Shining Path founder Abimael Guzman, whose messianic communist vision inspired a rebellion that left nearly 70,000 people dead, denied Monday in his civilian retrial that he was a terrorist.

"I am a revolutionary combatant and totally reject being a terrorist," Radioprogramas radio quoted Guzman as saying during his retrial, now entering its third week in a maximum-security naval base where he has been held since April 1993.

A court spokesman told The Associated Press the quotation was accurate.

"I have not been a terrorist and never will be. I am recognized as the leader of Communist Party," Guzman, a 70-year-old former philosophy professor, reportedly said before refusing to answer further questions.

Guzman was sentenced to life soon after his 1992 capture, but the draconian military court system that judged him and hundreds of other rebels was ruled unconstitutional two years ago, leading to his civilian retrial, in which prosecutors are seeking another life sentence.

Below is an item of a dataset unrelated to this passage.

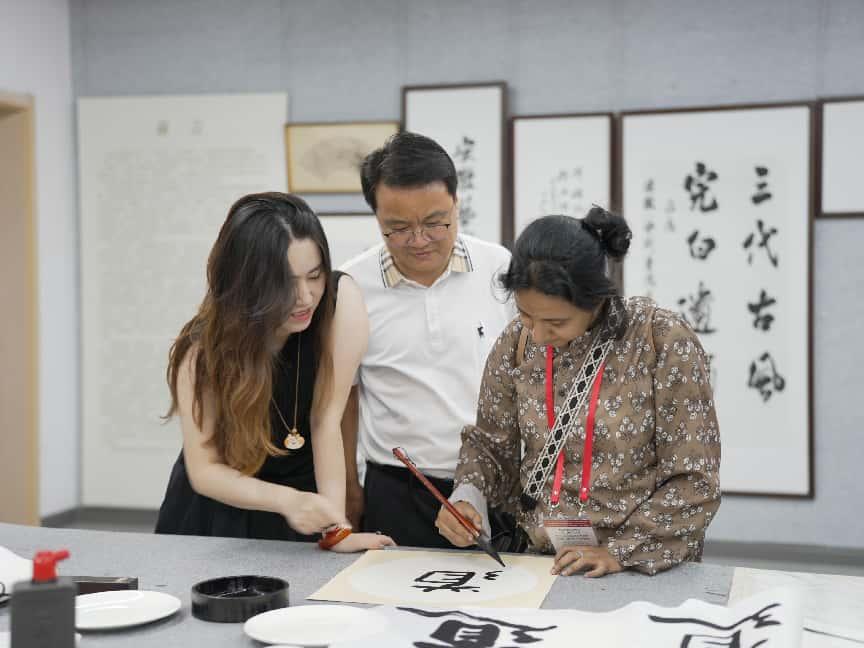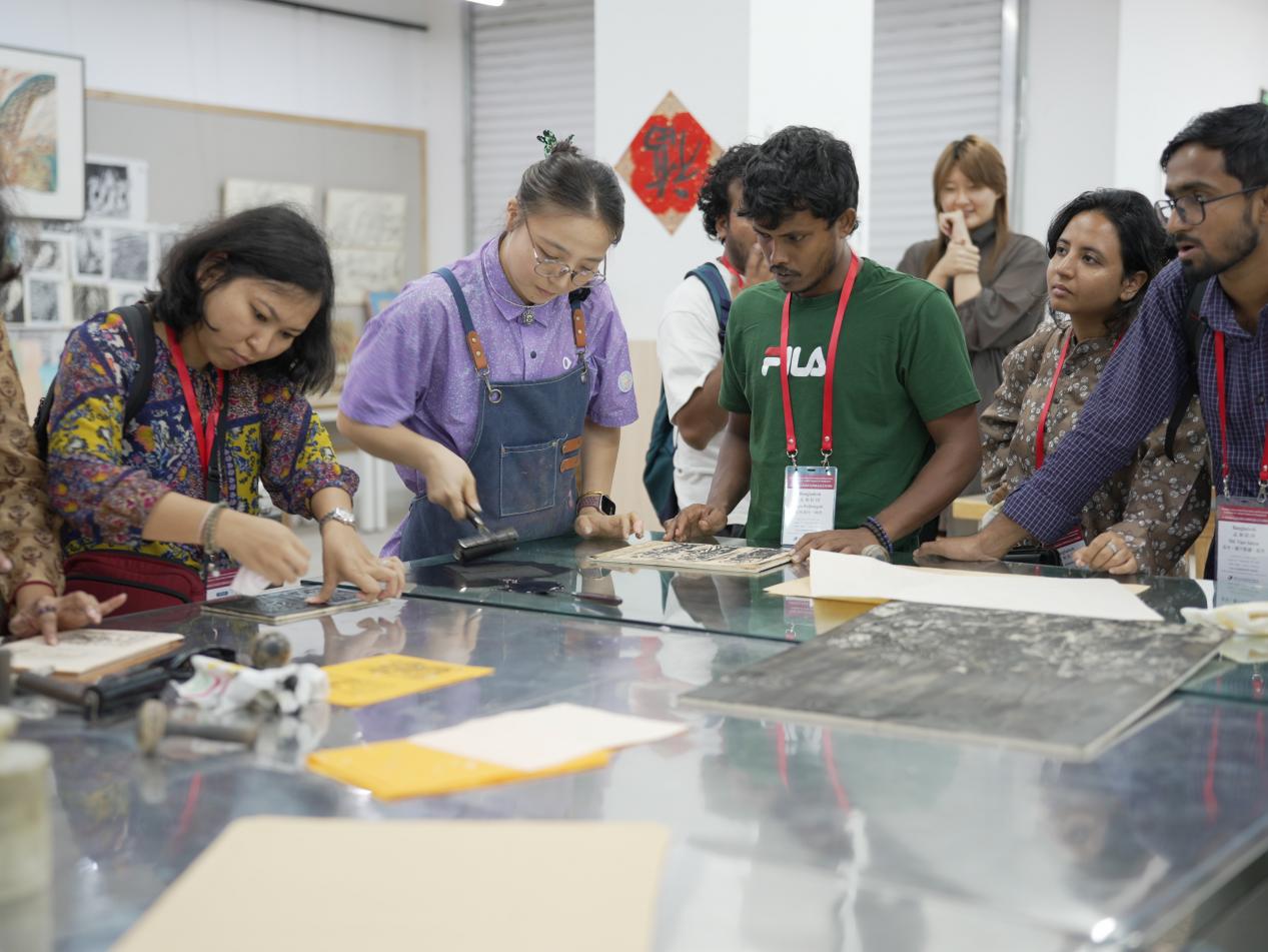 代表团成员们也积极参与体验,亲手尝试了版画制作、中国画绘制和书法创作,切身感受了中国传统艺术的深厚底蕴。在参观过程中,代表团成员深入了解了安徽艺术学院在传统艺术传承与创新方面的成果,并对学院在专业建设、艺术教育方面取得的成就表示赞赏。

Guzman and nearly a dozen of his top commanders are charged with directing a campaign of car bombings, sabotage, assassinations and massacres in the 1980s and early 1990s to overthrow the government and install a communist state.

The Shining Path was one of Latin America's deadliest insurgencies and blamed for more than half an estimated 69,280 deaths between 1980 and 2000. The Shining Path urged its followers to "cross a river of blood" to achieve its vision of a classless society even if it cost a million lives. The violence dropped off significantly following the capture of Guzman and other key leaders.

Several hundred guerrillas continue to operate in Peru's highland jungles, where they run protection for cocaine traffickers, AP reported.